Examples of the preparation of alkylene glycols from alkylene oxides may be found in WO 2004/085375 A1, EP 0 226 799 B1, U.S. Pat. No. 3,574,772, U.S. Pat. No. 4,937,393, DE 29 38 115 C2 and DE 197 26 508 A1. It is also possible to produce alkylene glycols from alkenes by direct reaction. Examples of this may be found in U.S. Pat. No. 4,203,926 and in U.S. Pat. No. 4,308,409.
In a conventional process for preparing alkylene glycols, the starting material alkylene oxide is mixed with water and passed through a reactor, typically a simple adiabatic tube reactor. In this, the alkylene oxide reacts with water in an exothermic reaction to form alkylene glycol. Apart from the simple alkylene glycol, higher alkylene glycols, i.e. mainly dialkylene glycol and trialkylene glycol and possibly also very small proportions of yet higher alkylene glycols, are generally formed. These compounds are likewise valuable chemicals. Typical ratios of alkylene glycol to dialkylene and trialkylene glycol are about 100:10:1. The reaction can be carried out with addition of a catalyst. The process employs large amounts of water which are generally circulated. These are necessary in order to remove the heat of reaction and to suppress the formation of higher alkylene glycols by diluting the alkylene oxide and the alkylene glycol.
After the reaction mixture has left the reactor, the water is firstly separated off, for example in a rectification column or in a simple evaporation. To save energy, a plurality of evaporators or rectification columns are frequently connected to one another.
The removal of water is followed by separation into the various alkylene glycols. This is generally carried out in rectification columns. Here, the alkylene glycol, the dialkylene glycol and finally the trialkylene glycol are separated off in order, in each case at the top or at the side offtake stream. High boilers present are taken off in the bottoms from the trialkylene glycol column and are generally discarded, for example by incineration. In some process variants, this third column is omitted because of the small amount of trialkylene glycol formed and the bottoms from the dialkylene glycol column are discharged from the plant and discarded. This process and this process variant are generally known.
Plants for the preparation of alkylene oxides and for the preparation of alkylene glycols have hitherto been operated separately although at present about 20% of the alkylene oxide produced is used for the preparation of alkylene glycols.
However, it has already been proposed that alkylene glycols and alkylene oxide be prepared in one plant and these products subsequently be separated from one another. An example of this may be found in WO 02/088102 A1. However, nonliquid and nonaqueous systems are used here and the reactions take place in the gas phase. The process has not been implemented industrially to the present time.

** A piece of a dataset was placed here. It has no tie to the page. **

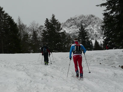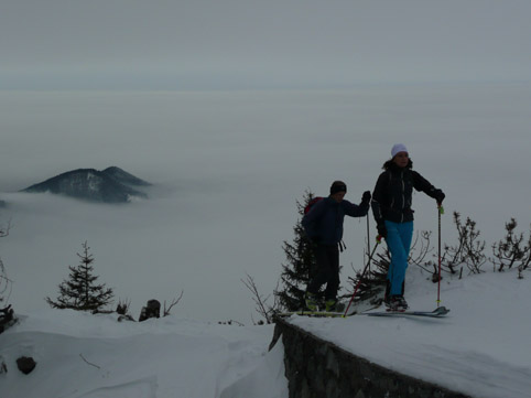 Tourenverhältnisse: Genug Schnee ab dem Parkplatz. Unten etwas dünn, aber Piste wurde schon mal gewalzt, ist gut eingefahren. Oben in nebem dem Pistenbereich bis zu 70 cm Tiefschnee - super Pulver! Noch kein Pistenbetrieb. An wenigen Stellen der 5 km langen Abfahrt (ca. 900 Hm) schauen ein paar Steinchen raus, die aber gut umkurvt werden können - ich hatte heute keinen Belagschaden. Derzeit noch kein Pistenbetrieb, heute Vormittag ca. 40 Tourengeher unterwegs. Der beschilderte Tourengeheraufstieg über den Reitweg ist gespurt.

Combinations of plants in which various substances are reacted with one another and separated are already known. DE 10 2004 054 047 A1 describes a process for preparing 1,6-hexanediol from a carboxylic acid mixture comprising adipic acid, 6-hydroxycarboxylic acid and 1,4-cyclohexanediols by esterification of the carboxylic acid mixture, removal of the 1,4-cyclohexanediols by distillation, hydrogenation of the purified ester fraction and isolation of the 1,6-hexanediol by distillation. DE 10 2008 007 081 A1 describes a process for preparing n-butene oligomers and 1-butene from industrial mixtures of C4-hydrocarbons. Here, a starting material is firstly purified and worked up by distillation. A high boiler fraction obtained is subsequently reacted catalytically, resulting in the n-butenes present being oligomerized. DE 10 2005 006 974 A1 describes a continuous process for preparing cyclohexyl(meth)acrylate. Here, cyclohexanol is esterified with pure (meth)acrylic acid, neutralized, washed and subsequently purified by multistage distillation. In these processes and plants, neither alkylene oxide nor alkylene glycols are produced.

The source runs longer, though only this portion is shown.